Assignment:
The answer should be a single number: how many lines of the entries below hold the word "tiếp".

Given records:
....

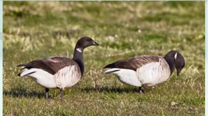
Margæsa hjón við Bakkatjörn.

Margæsin setur sterkan svip á fuglalíf á Seltjarnarnesi á vorin, þó hún sjáist einnig á haustin. Hún er umferðarfugl eða fargestur og kemur hér við á leið milli varpstöðva á Íshafseyjum Kanada og vetrarstöðva á Írlandi. Margæsin hefur hér viðdvöl í tvo mánuði á vorin en sá tími er afar mikilvægur fyrir fuglinn. Hann safnar fitu fyrir hið erfiða farflug yfir Grænlandsjökul og kvenfuglinn safnar jafnframt orku fyrir varpið. Það er enn vetur þegar fuglarnir koma á varpstað og gróður ekki farinn að spretta fyrr en ungar skríða úr eggjum. Margæsir eta bæði grænþörunga og marhálms í sjó og sækja í tún til beitar. Gæsirnar sækja t.d. á Leirur í Bakkavík, á golfvöllinn og túnin við Nes en hvílast síðan og baða sig á Bakkatjörn og á tjörninni í Dal. Yfir 500 fuglar hafa sést á Nesinu. Margæsirnar flakka milli Álftaness og Seltjarnarness og víðar um Innnesin.
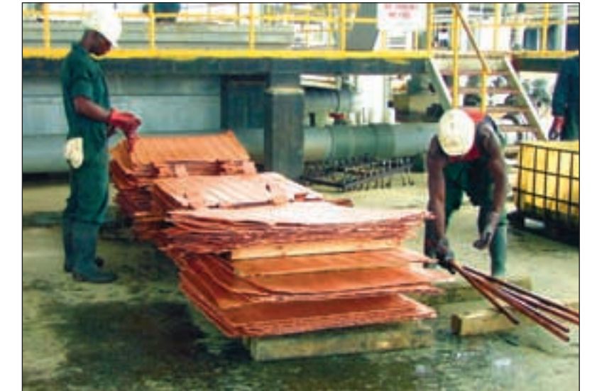
Arbeidere ved Sino Acid klargjør kobberplater som skal eksporteres til Sør-Afrika.

opptil ett år før arbeidere får erstatning etter ulykker.
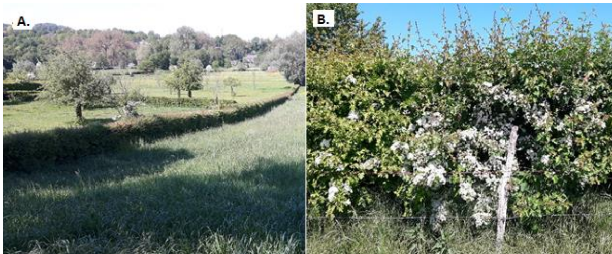
Figuur 1: Een voorbeeld van een scheerheg (A) en een struweelheg (B) in het Zuid-Limburgse Landschap. In situatie B krijgt de haag de kans om in bloei te komen, en bijen van voedsel te voorzien.
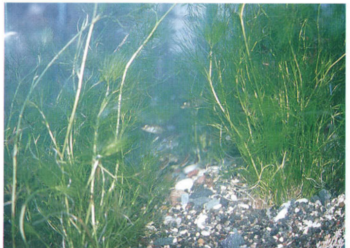
大槌川のイトヨ（水槽）

うな観点からすると、日本の地方の町や村というのがちょうどよい研究対象になってくるんです」
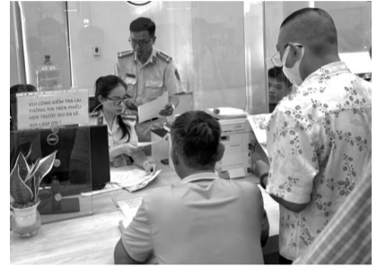
● Công an tỉnh Bình Dương tiếp nhận 7.664 hồ sơ đổi, cấp lại GPLX sau 1 tháng nhận nhiệm vụ mới.

Với sự nỗ lực không ngừng của lực lượng CSGT và sự ủng hộ từ người dân, công tác cấp, đổi GPLX được đánh giá ngày càng trở nên thuận tiện, hiệu quả, góp phần nâng cao chất lượng dịch vụ công. Hệ thống tiếp nhận hồ sơ trực tuyến tạo thuận lợi tối đa cho người dân trong việc đăng ký và theo dõi tiến độ xử lý hồ sơ.
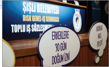
Şişli Belediyesi & DİSK Genel-İş Sendikası İş birliği

Kız çocuklarının eğitime kazandırılması için a) farkındalık kampanyaları, b) veli seminerleri, c) ev ziyaretleri yürüterek ailelere farkındalık çalışmaları, d) okul yaşında olup okula gönderilmeyen kız çocuklarının tespiti ve ilgili makamlara bildirimini, kadınlara ve genç kızlara yönelik meslek edindirme dışında da kişisel gelişime yönelik eğitim programları açmak vb.
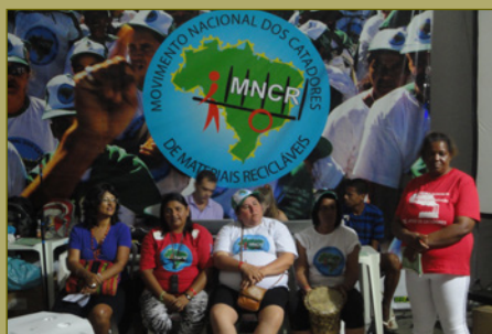
Rio+20, junho de 2012.

....

Answer for this exercise:
2